This story was originally published in June 2018 as part of The California Report Magazine's "Hidden Gems" series. It re-aired on July 3rd, 2020 for a special show called "Buckle Up: A (Virtual) Road Trip to CA Hidden Gems." Note: The Bach Dynamite and Dancing Society is currently closed due to COVID-19. They are planning to live-stream free concerts throughout the summer.
The Bach Dancing & Dynamite Society in Half Moon Bay is not your average jazz club, and it's not just because of the quirky name (more on that later).
Let's start with the setting. As I settle into my seat in the cozy, wood-paneled room for a Sunday afternoon concert, I can see the sunset streaming through the stained-glass window. I can hear the ocean just outside the door.
"To watch the sunset and be listening to jazz here, I can't imagine any place on the planet that's quite like where we are right now," said Kevin Daniels, who first came to the Bach — as it's affectionately called — in the 1970s.
By that point, the Bach had already been around for nearly a decade, but its story starts in 1957, when a beatnik beach rat named Pete Douglas moved to Half Moon Bay from Los Angeles with his wife, Patricia.
Douglas initially worked as a probation officer for San Mateo County, but that didn't last long.
"I think he took the county car and drove it off the road or something, and that was the end of that," said Barbara Riching, Douglas' daughter.

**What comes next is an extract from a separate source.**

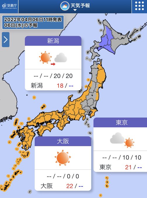 一方北海道は日本海側を中心に雨や雪☂️

But before he got fired, he was assigned to work with Pat Britt, who had stolen a bologna sandwich.
Britt was also in a band, and Douglas asked him if they would come play at the beer and hamburger joint he had bought in Half Moon Bay, the Ebb Tide Cafe, where Douglas also lived with his family.
"He started having just little jams right in there," Riching said, there being effectively his family's living room.

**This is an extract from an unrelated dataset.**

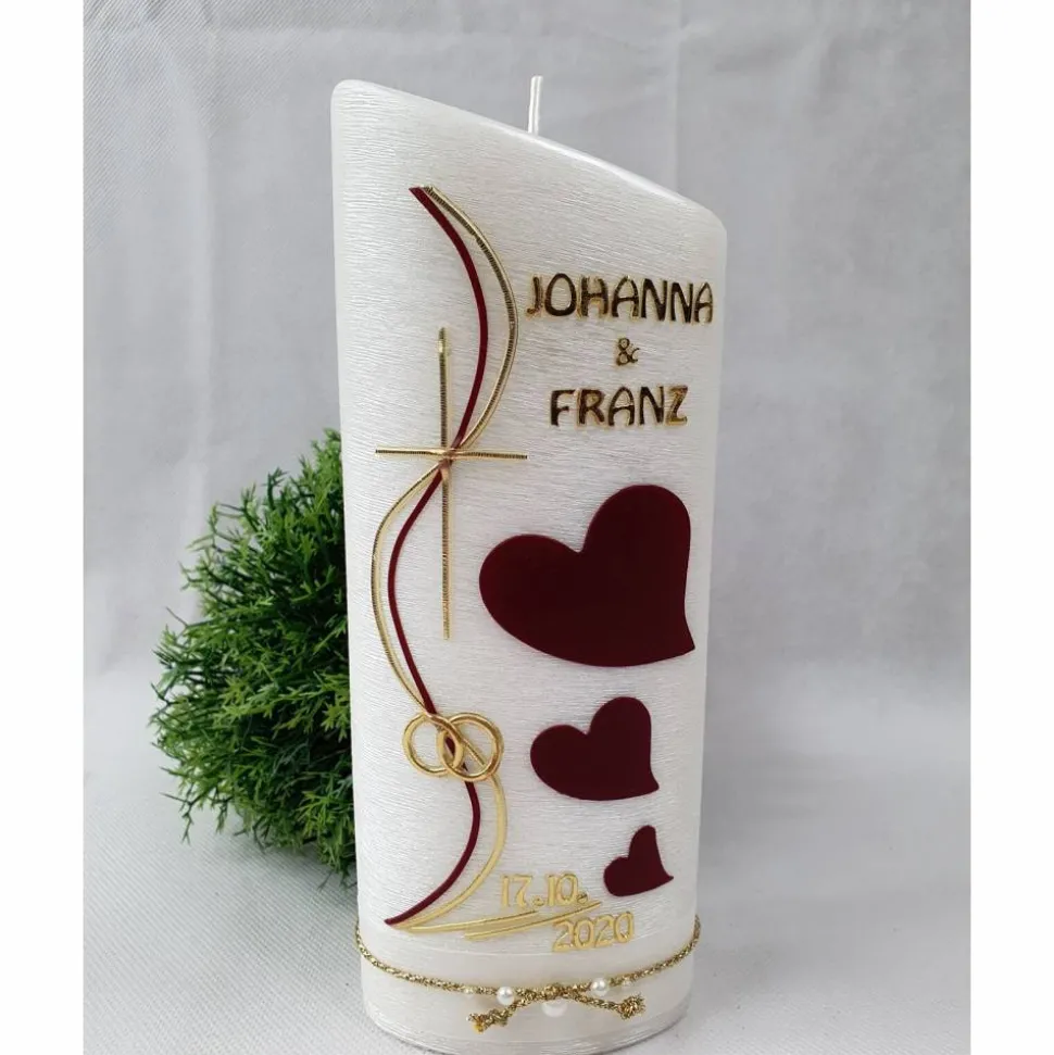 Gerne personalisieren wir die Kerze auch mit zwei Namen und Hochzeitsdatum mit Wachsbuchstaben in gold.

'This Must Be the Bach Dancing and Dynamite Society'
In 1964, Douglas was hanging out with some friends in the Ebb Tide and dancing to some Bach, when one of his friends went down to the beach below and started setting off dynamite. As the dynamite blew, Douglas and his friends kept dancing to Bach, prompting one friend to say, "This must be the Bach Dancing and Dynamite Society."
"Sure enough, one of my dad's attorney friends who was there said, 'Yeah, let's incorporate this thing,'" Riching said. "And so that's how the nonprofit actually got incorporated in 1964."

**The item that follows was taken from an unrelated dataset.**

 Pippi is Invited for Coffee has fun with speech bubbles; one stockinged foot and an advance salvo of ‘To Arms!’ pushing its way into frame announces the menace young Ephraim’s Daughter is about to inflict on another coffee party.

With an official name and organization in tow, Douglas set about to expand the operation. He built a two-story house onto the beer joint and moved the concerts — for which he now charged a small entrance fee — into his new living room.
"He would set up a temporary stage, and then we would swing the couch around right up to the stage," Riching remembers. "So the people that first got here were the luckiest because they could just sit right on the couch and hear the music."
In 1972, Douglas added a separate performance space next door with room for about 200 seats and a small stage. According to Britt, this is when Douglas started booking some of the biggest names in jazz to play his small seaside venue.